Relationships? Confidentiality? Was she going to bring up the affair? Had Lou told her? She looked down at their hands entwined together. Guilt and fear rose in her chest to a knot of pain—she couldn't breathe. The damn bra was too tight!

Would she lie outright to this woman if asked?

Liz Boldt squeezed her hands tightly and said, “Something terrible has happened. We desperately need your help.”

CHAPTER

The treasure revealed itself like the gold of the pharaohs. On Monday morning, March 30, the lab delivered sixty-seven full-color computer printouts to LaMoia—all photographs made with Anderson's digital camera, all from a backup disk found hidden in Anderson's bookshelves. As an added bonus, each was dated and time-stamped. He leafed through a series of a businessman climbing out of his car in a motel parking lot, entering a room, and leaving forty minutes later, followed shortly thereafter by a worn-looking creature bearing the heavy posture of someone defeated. Two of the many subjects depicted were shown engaged, in partial nudity or unmistakable poses, with adolescent members of the same sex. How Anderson had gone about his work was likely to have puzzled some of his clients, but it showed little imagination or creativity to LaMoia. In some cases Anderson had taken the adjacent motel room and bribed a housecleaner into unlocking the communicating door. In one daring effort, the sleuth appeared to have been hiding inside a closet with shuttered doors, implying that he had paid off the prostitute.
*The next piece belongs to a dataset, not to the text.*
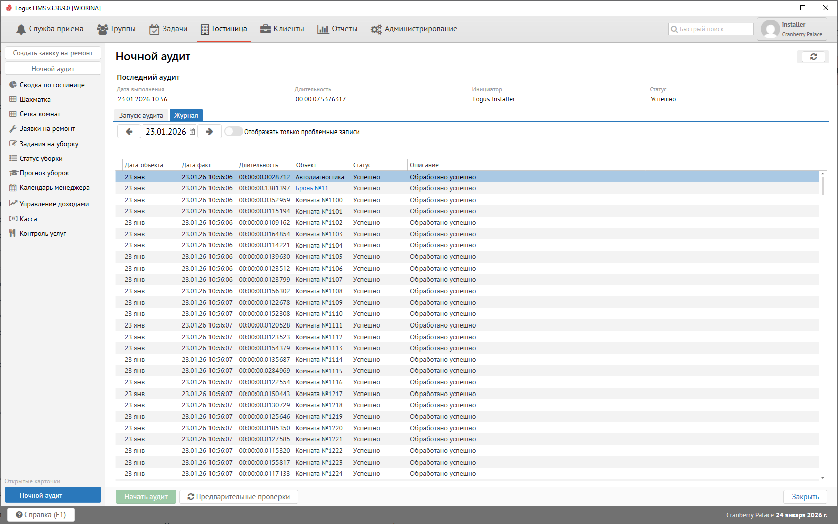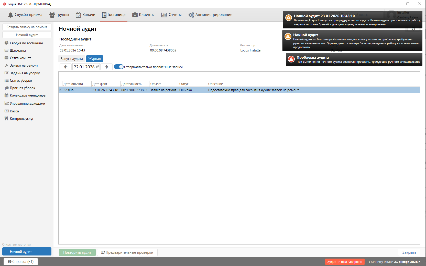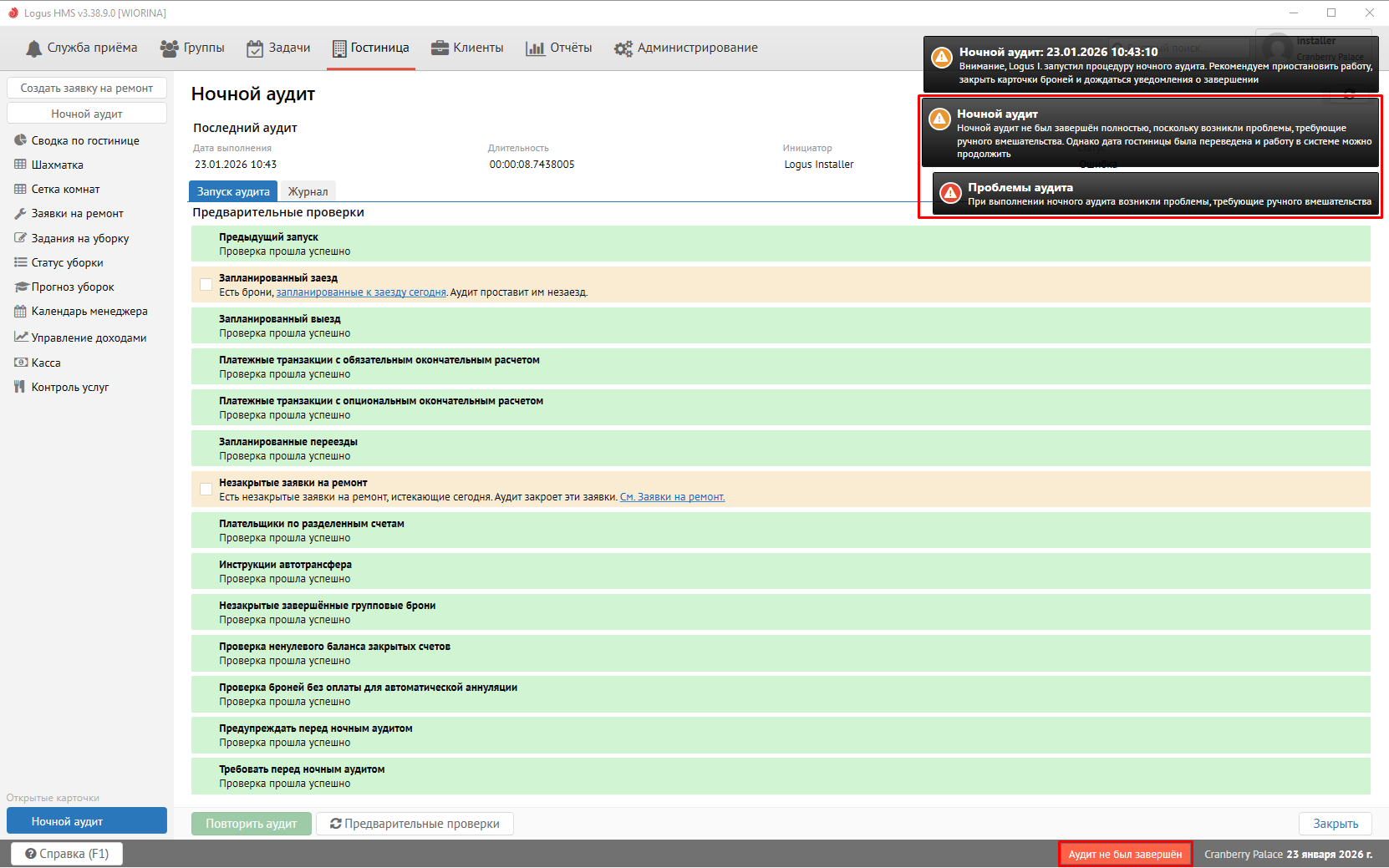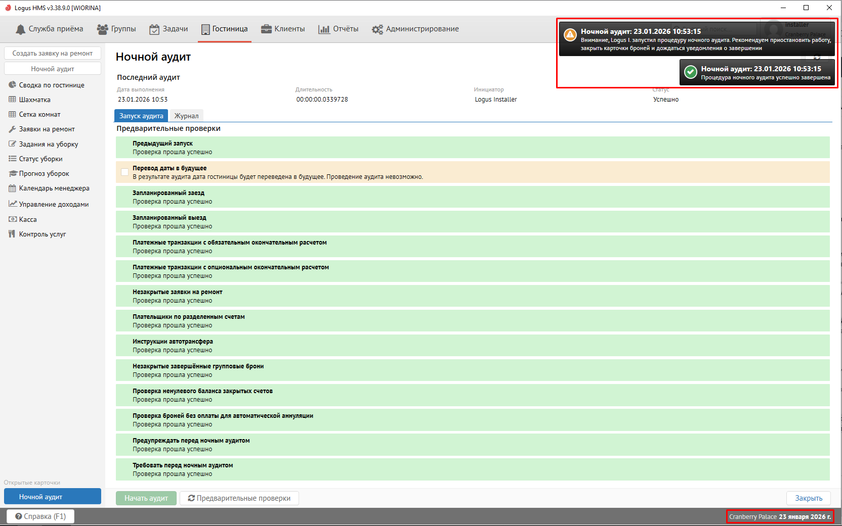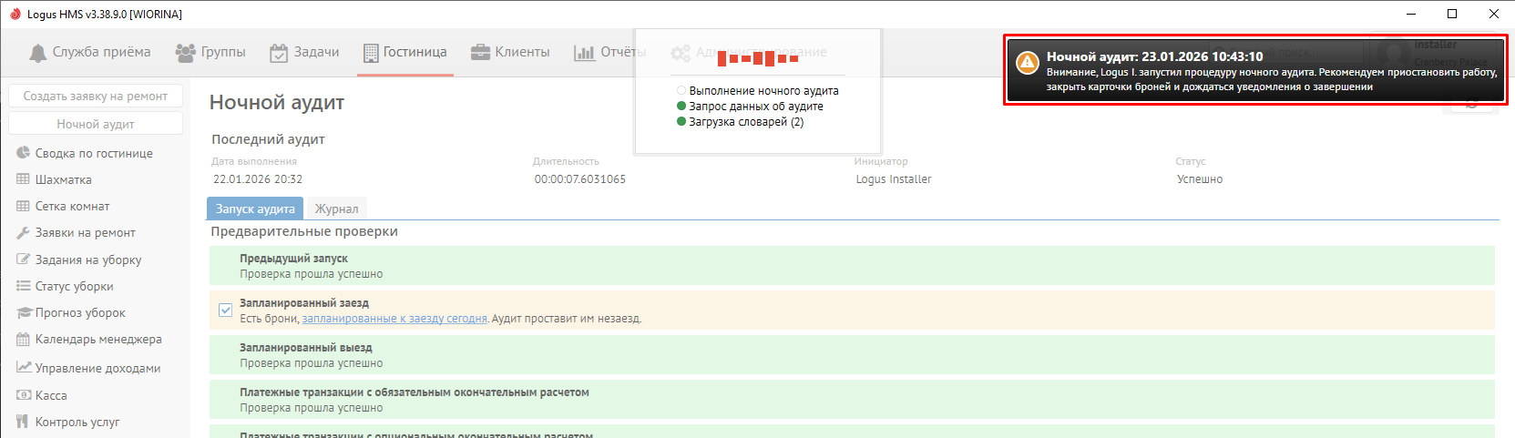 Ночной аудит — это автоматизированный процесс закрытия дня в Logus.

There had been a time early in his career that LaMoia would have found one or more of such photos suggestive enough to arouse him, but those days were long gone. More than anything, he felt numb to it all, frightened for the missing children, guilt-ridden over his failure to rescue them. So many of humankind elected to lead sordid, twisted, perverted lives that any detective came to expect it rather than be fascinated by it. After a time one forgot that these people were only a fraction of society. Because of their staggering numbers, they seemed more the norm.